The critical distinction: frameworks require assembly, harnesses work out of the box. A framework says "here are the parts, build what you want." A harness says "here's a working agent — customize it."

Part 2: The Seven Architectural Pillars

Every production harness implements these seven subsystems. The quality of each determines whether the agent reliably completes work or produces expensive hallucinations.

Pillar 1: Sandbox & Isolation

What it solves: Agents execute code, modify files, and make network requests. Without isolation, a single hallucinated rm -rf / destroys the host system.

The isolation hierarchy (weakest → strongest):

Level	Technology	Cold Start	Use Case
Process-level	V8 isolates, Deno	~1ms	Lightweight scripting
Container	Docker, Podman	~500ms	Standard agent sandboxing
Container + kernel hardening	gVisor, seccomp	~800ms	Defense-in-depth
MicroVM	Firecracker, Kata	~150ms	Maximum isolation (E2B, OpenAI Codex cloud)
Full VM	QEMU/KVM	~2-5s	Legacy, rarely used for agents

Key architectural decisions:

Network access: OpenAI Codex disables network by default in cloud tasks. This is the security-first posture. Agents that need network get explicit allowlists.
Filesystem scope: Each agent task gets its own filesystem overlay (copy-on-write). Changes are ephemeral unless explicitly committed. OpenAI achieves this with per-worktree git checkouts — each Codex run gets an isolated copy of the repo.
Resource limits: CPU time, memory, disk I/O, and execution duration are capped. Without these, a confused agent can burn infinite compute.
Teardown: The sandbox and everything in it (logs, metrics, temp files) are destroyed when the task completes. This prevents cross-contamination between runs.

The emerging pattern: Universal sandbox adapters (e.g., Rivet's sandbox-agent) that provide a single HTTP API in front of any sandbox provider. The agent doesn't know or care whether it's running in Firecracker, Docker, or bare metal — the harness abstracts this entirely.

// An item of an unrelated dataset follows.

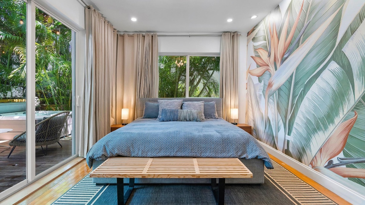 Relájate y disfruta de tu propio enclave escondido en Biscayne Gardens. Esta suite de invitados te ofrece la calidad de un hotel sin renunciar a la comodidad del hogar. Estaciona en la entrada y camina a través de tu propia entrada privada a tu suite. Hemos preparado este alojamiento especialmente pensando en los huéspedes. La piscina y el jacuzzi, ubicados a solo unos pasos de tu puerta, hacen que esta ubicación sea popular durante todo el año. Tus anfitriones son Autumn y Patricia y Buddy y China Girl, las mascotas.

Pillar 2: Context Engineering

What it solves: The context window is the agent's entire reality. Everything it can't see in-context effectively doesn't exist. Context engineering is the discipline of constructing what the agent sees and when.

Why this is the hardest problem:

Even models with 1M+ token windows degrade well before that limit. Manus discovered a practical "Pre-Rot Threshold" of ~256K tokens — beyond that, performance collapses regardless of advertised capacity. The effective context window is far smaller than the theoretical one.

The four core techniques:

1. Progressive Disclosure (a.k.a. "Give them a map, not a manual")

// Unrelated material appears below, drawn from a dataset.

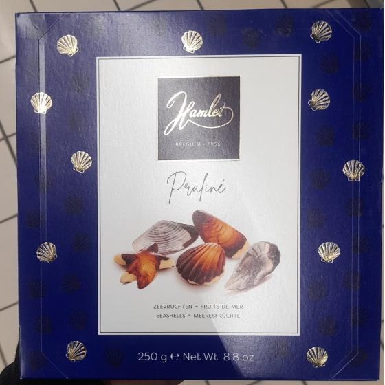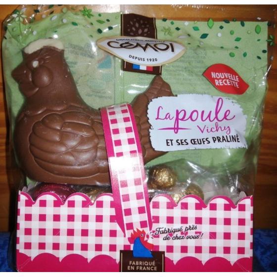 Ingrédients:Poule en chocolat au lait supérieur décoré : sucre, beurre de cacao, poudre de lait entier, pâte de cacao, lactose, poudre de lait écrémé, émulsifiant : lécithine de tournesol, arôme naturel de vanille, arome naturel. Bonbons de chocolat au lait fourrage au praliné : chocolat au lait (sucre, poudre de lait entier, beurre de cacao, pâte de cacao, émulsifiants : lécithine de tournesol - polyricinoléate de polyglycérol, arôme naturel de vanille), sucre, graisses végétales (palmiste, palme), praliné 9% (pâte de noisettes, sucre), lactose, lactosérum en poudre, poudre de lait entier, huile de tournesol, cacao maigre en poudre, émulsifiant : lécithine de tournesol, arômes.

Don't dump everything into context at once. Structure knowledge in layers:

Layer 0: AGENTS.md (~100 lines)
  → "Here's who you are, here's the table of contents, here's where to look"

Layer 1: ARCHITECTURE.md, FRONTEND.md, SECURITY.md
  → Domain-specific guidance, loaded on-demand when the task touches that area

Layer 2: docs/design-docs/, docs/product-specs/
  → Detailed specs, loaded only when actively working on that feature

Layer 3: The code itself
  → Read individual files as needed, never wholesale

OpenAI learned this the hard way. They tried a monolithic AGENTS.md and it failed because: (a) it crowded out the actual task, (b) when everything is "important" nothing is, and (c) it rotted instantly. The solution: AGENTS.md as a table of contents, not an encyclopedia.

2. Context Compaction

Long-running agents accumulate conversation history that eventually fills the window. Compaction strategies:

Periodic summarization: Every N turns, summarize the conversation so far and replace the full history with the summary. Anthropic does this automatically.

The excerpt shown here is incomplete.